** TASK DETAILS **
Give again, word for word, the lines below that run from the line with "Spectral Medical Inc." through the line with "This paper investigates". Drop the pictures.

** EXTRACTED MATERIAL **
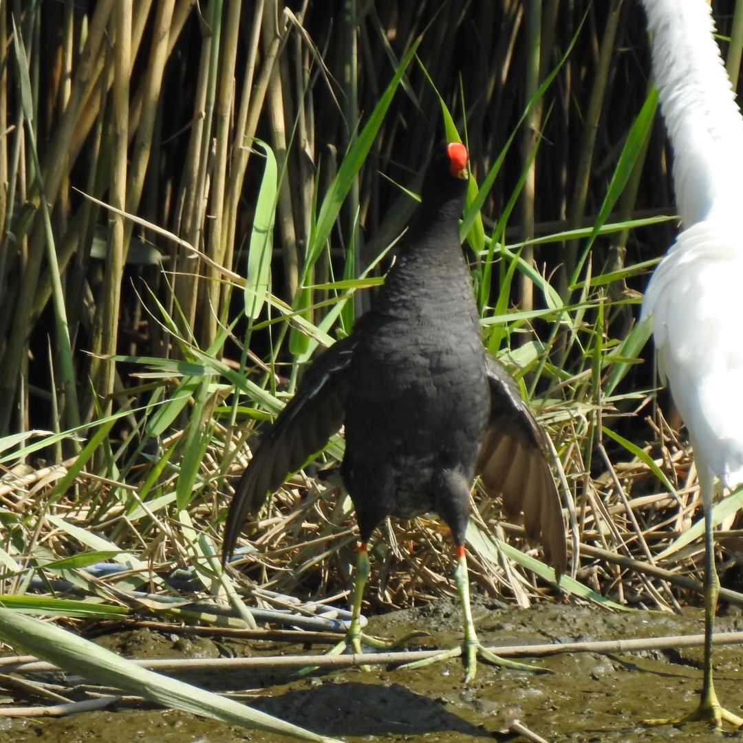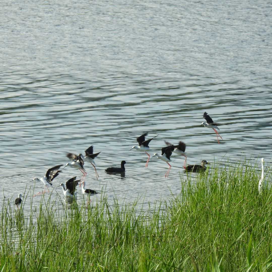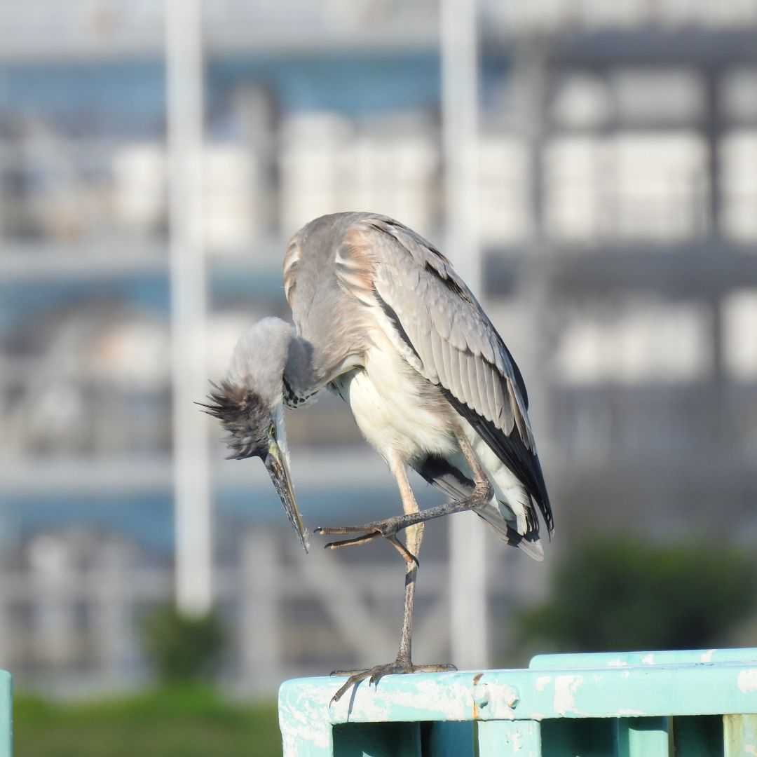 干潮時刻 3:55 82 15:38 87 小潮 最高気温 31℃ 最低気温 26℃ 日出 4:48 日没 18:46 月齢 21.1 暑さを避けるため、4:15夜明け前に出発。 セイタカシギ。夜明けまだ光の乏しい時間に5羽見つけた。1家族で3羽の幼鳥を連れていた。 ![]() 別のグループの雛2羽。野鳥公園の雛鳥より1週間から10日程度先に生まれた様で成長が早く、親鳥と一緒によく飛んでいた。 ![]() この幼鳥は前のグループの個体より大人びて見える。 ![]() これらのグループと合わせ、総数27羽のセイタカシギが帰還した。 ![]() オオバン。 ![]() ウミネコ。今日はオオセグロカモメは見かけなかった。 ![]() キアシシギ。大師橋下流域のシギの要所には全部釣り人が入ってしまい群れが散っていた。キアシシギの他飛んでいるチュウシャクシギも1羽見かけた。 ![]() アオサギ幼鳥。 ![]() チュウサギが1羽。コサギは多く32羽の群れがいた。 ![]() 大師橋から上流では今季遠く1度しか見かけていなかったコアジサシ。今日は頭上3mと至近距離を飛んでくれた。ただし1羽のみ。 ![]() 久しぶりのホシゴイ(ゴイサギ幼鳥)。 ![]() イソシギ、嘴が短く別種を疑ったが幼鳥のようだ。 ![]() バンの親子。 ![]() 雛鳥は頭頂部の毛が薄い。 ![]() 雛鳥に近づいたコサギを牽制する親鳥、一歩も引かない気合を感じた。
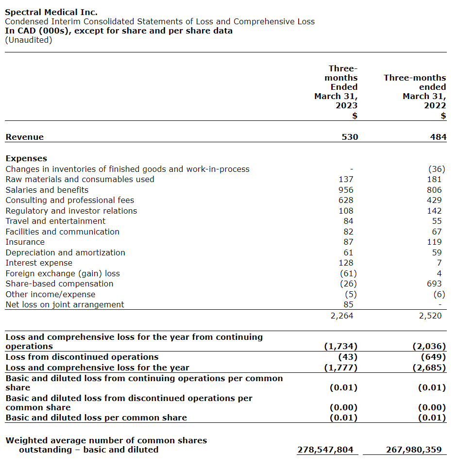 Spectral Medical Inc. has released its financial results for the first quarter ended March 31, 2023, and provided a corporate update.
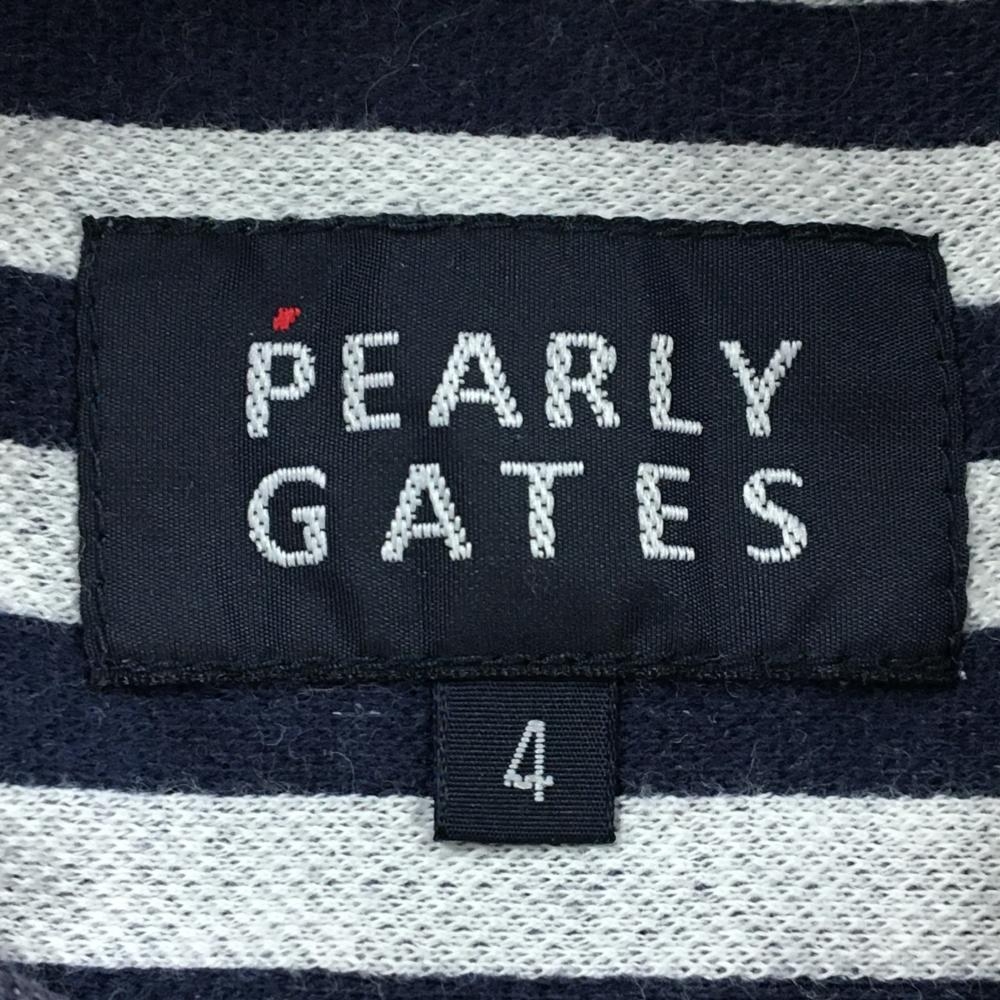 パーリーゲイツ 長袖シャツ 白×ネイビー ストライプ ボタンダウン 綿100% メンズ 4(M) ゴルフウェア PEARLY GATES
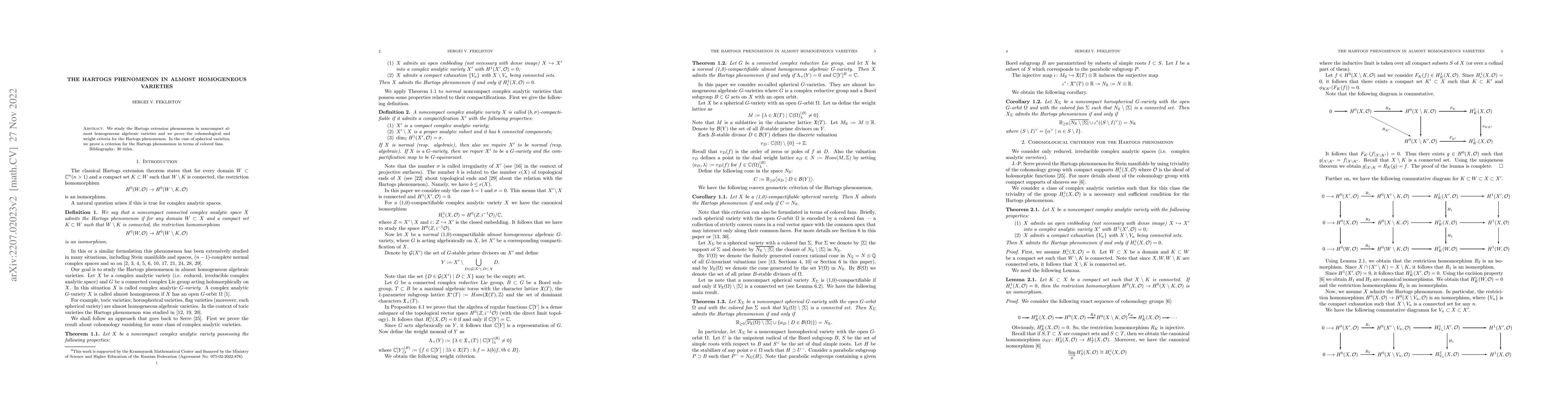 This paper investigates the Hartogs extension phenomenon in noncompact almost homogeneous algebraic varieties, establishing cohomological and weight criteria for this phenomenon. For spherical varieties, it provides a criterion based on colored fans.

* * *

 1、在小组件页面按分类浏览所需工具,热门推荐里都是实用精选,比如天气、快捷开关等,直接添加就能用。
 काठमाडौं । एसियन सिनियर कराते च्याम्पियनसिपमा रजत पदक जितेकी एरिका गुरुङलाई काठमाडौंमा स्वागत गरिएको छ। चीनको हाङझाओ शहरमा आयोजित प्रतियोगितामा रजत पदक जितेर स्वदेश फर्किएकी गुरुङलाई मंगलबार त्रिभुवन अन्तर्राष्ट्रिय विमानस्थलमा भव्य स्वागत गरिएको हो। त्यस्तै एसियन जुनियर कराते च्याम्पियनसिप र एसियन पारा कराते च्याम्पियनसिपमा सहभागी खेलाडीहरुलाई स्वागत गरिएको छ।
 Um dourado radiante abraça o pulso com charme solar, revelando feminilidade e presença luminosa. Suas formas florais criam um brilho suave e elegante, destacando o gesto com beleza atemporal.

--

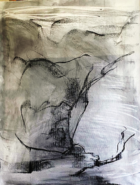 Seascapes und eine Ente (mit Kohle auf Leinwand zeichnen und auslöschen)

** TASK ANSWER **
 Spectral Medical Inc. has released its financial results for the first quarter ended March 31, 2023, and provided a corporate update.
 パーリーゲイツ 長袖シャツ 白×ネイビー ストライプ ボタンダウン 綿100% メンズ 4(M) ゴルフウェア PEARLY GATES
 This paper investigates the Hartogs extension phenomenon in noncompact almost homogeneous algebraic varieties, establishing cohomological and weight criteria for this phenomenon. For spherical varieties, it provides a criterion based on colored fans.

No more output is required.